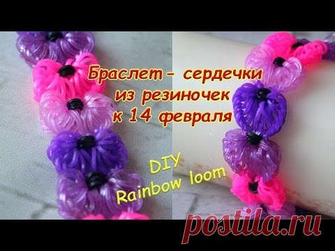 DIY Rainbow loom Valentine's day tutorial. Браслет - сердечки из резиночек к 14 февраля - YouTube
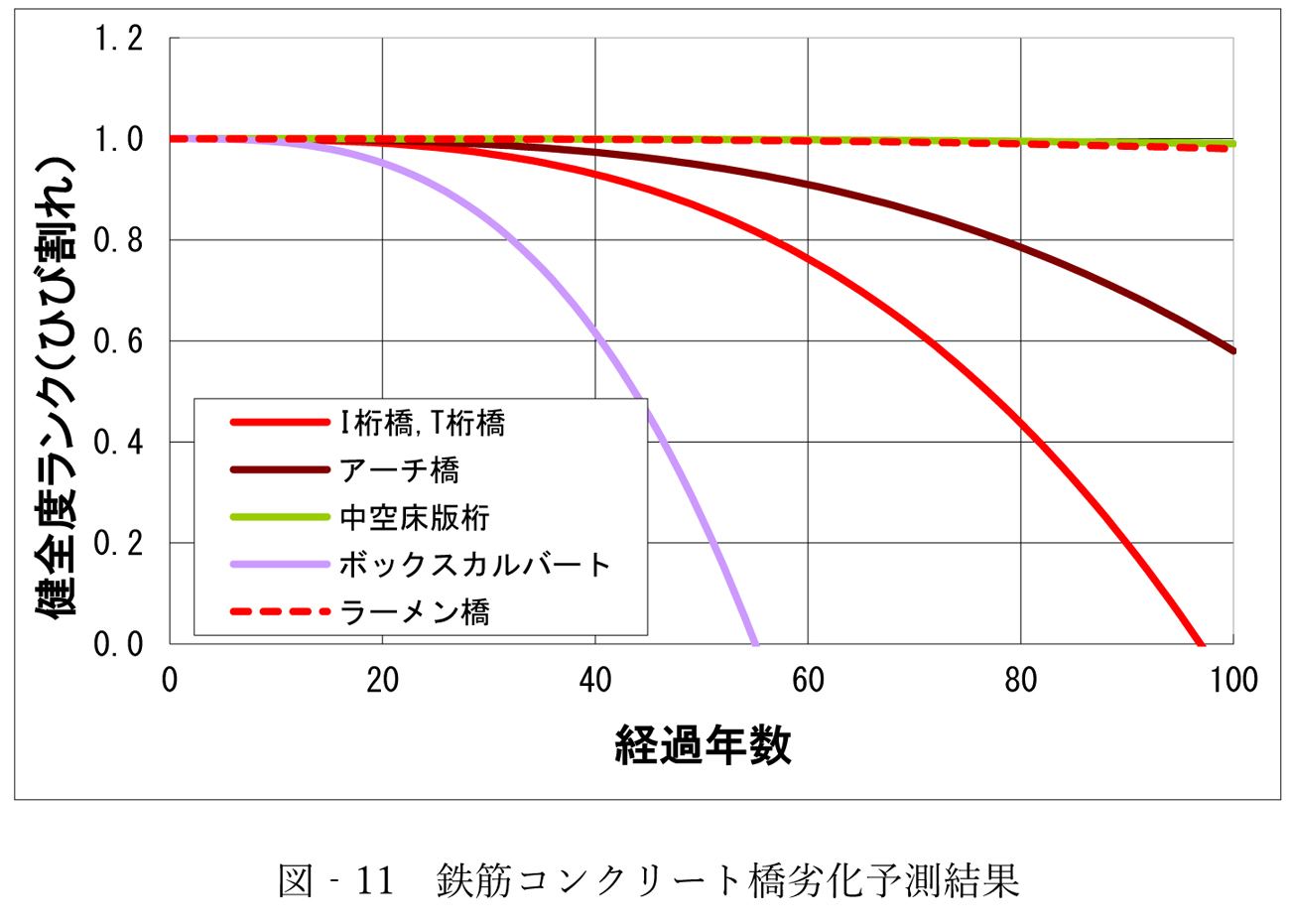 の分析を始める前、当然ボックスカルバートよりも、桁橋の劣化速度が速いものと想定していた。しかし、予想に反して図-11で明らかなようにボックスカルバート構造の劣化が最も早く、寿命に至る経過年は60年弱となった。この理由は、先のトンネル構造に近似しているアンダーパス形式の道路橋の変状が大きく影響したものと推測される。また、先に示したボックスカルバート構造の道路橋は、一般的な開削方式で築造された都市トンネルで発生している変状と同様とも考えた。その理由は、開削工法で築造した矩形トンネルは、構造体の継ぎ手部のひび割れ、漏水や遊離石灰析出、基礎杭が無いことなどから躯体の不同沈下し、多くの問題を抱えていることが近年明らかとなったからである。
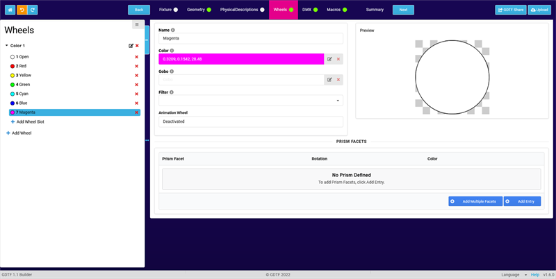 The structure of GDTF allows you to create any combination of wheel type in any slot. However, we will focus on single-type wheels here.
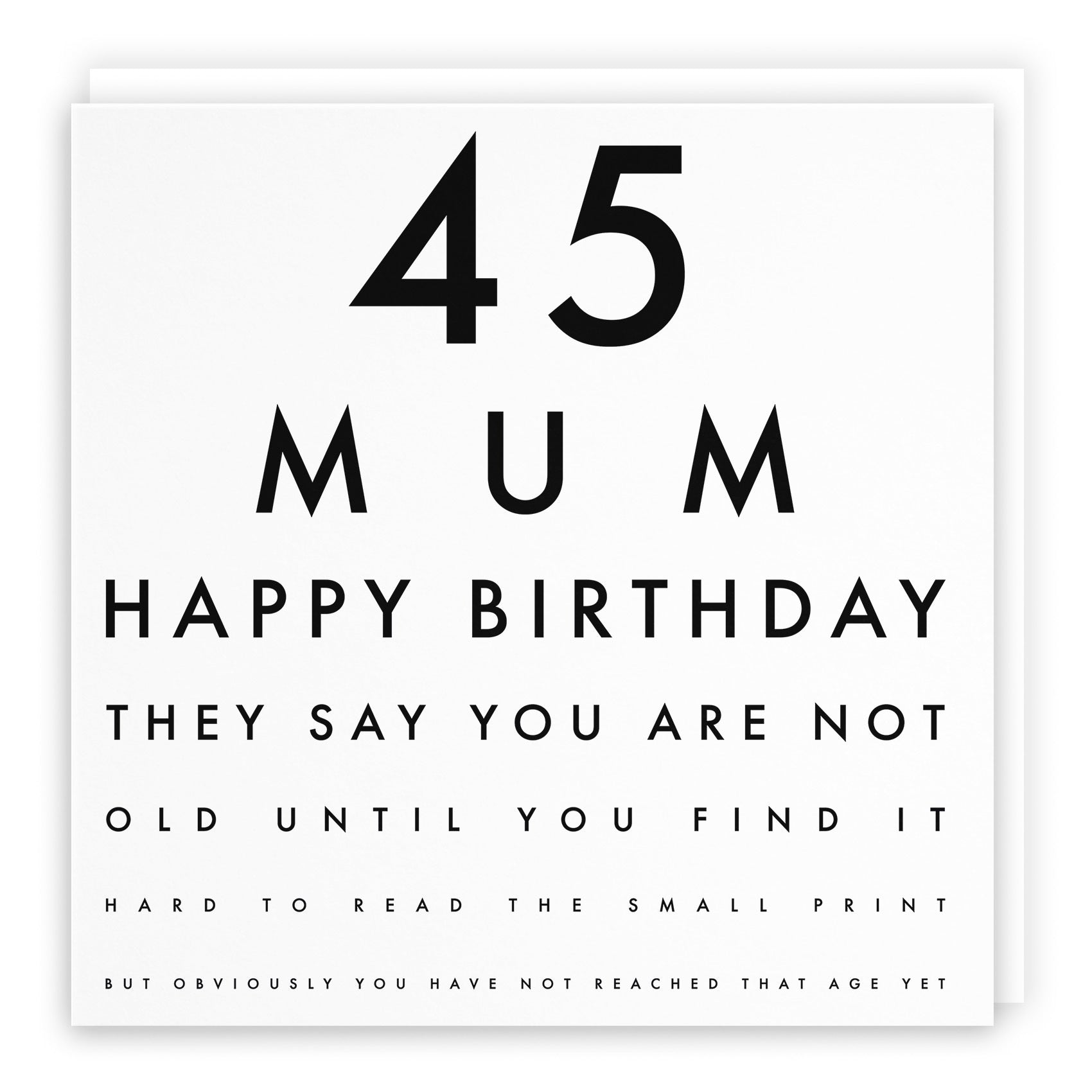 Hunts England - Mum 45th Humorous Birthday Card - 45 Mum - Happy Birthday - They Say You Are Not Old Until You Find It Hard To Read The Small Print... - Letters Collection.
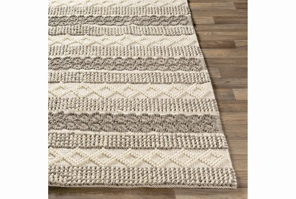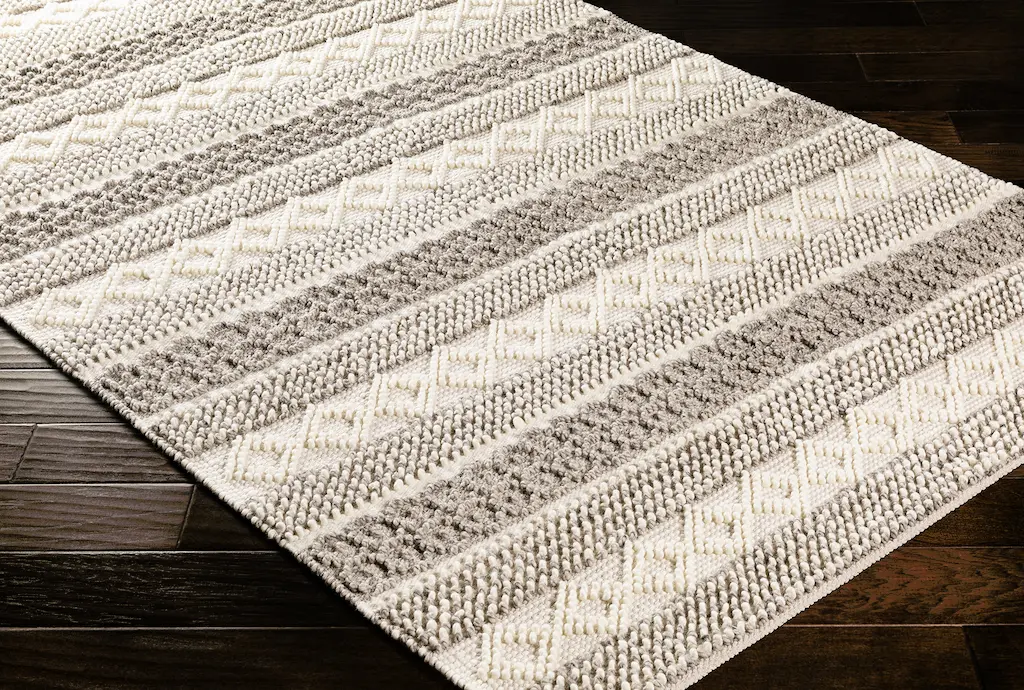 The 2'x3' Rectangle Rug by Surya combines textural handwoven craftsmanship with a modern grey and ivory stripe pattern. This farmhouse-style rug is designed to bring a touch of rustic charm to any bathroom, kitchen, or indoor space. Made from a blend of 60% wool and 40% cotton, its low pile ensures durability and comfort underfoot.

☆ ☆ ☆ ☆ ☆

- [WHAT YOU WILL DO]:
With the pictures removed, repeat the listing above exactly as it stands.

- [OUTPUT OF THE TASK]:
 DIY Rainbow loom Valentine's day tutorial. Браслет - сердечки из резиночек к 14 февраля - YouTube
 の分析を始める前、当然ボックスカルバートよりも、桁橋の劣化速度が速いものと想定していた。しかし、予想に反して図-11で明らかなようにボックスカルバート構造の劣化が最も早く、寿命に至る経過年は60年弱となった。この理由は、先のトンネル構造に近似しているアンダーパス形式の道路橋の変状が大きく影響したものと推測される。また、先に示したボックスカルバート構造の道路橋は、一般的な開削方式で築造された都市トンネルで発生している変状と同様とも考えた。その理由は、開削工法で築造した矩形トンネルは、構造体の継ぎ手部のひび割れ、漏水や遊離石灰析出、基礎杭が無いことなどから躯体の不同沈下し、多くの問題を抱えていることが近年明らかとなったからである。
 The structure of GDTF allows you to create any combination of wheel type in any slot. However, we will focus on single-type wheels here.
 Hunts England - Mum 45th Humorous Birthday Card - 45 Mum - Happy Birthday - They Say You Are Not Old Until You Find It Hard To Read The Small Print... - Letters Collection.
 The 2'x3' Rectangle Rug by Surya combines textural handwoven craftsmanship with a modern grey and ivory stripe pattern. This farmhouse-style rug is designed to bring a touch of rustic charm to any bathroom, kitchen, or indoor space. Made from a blend of 60% wool and 40% cotton, its low pile ensures durability and comfort underfoot.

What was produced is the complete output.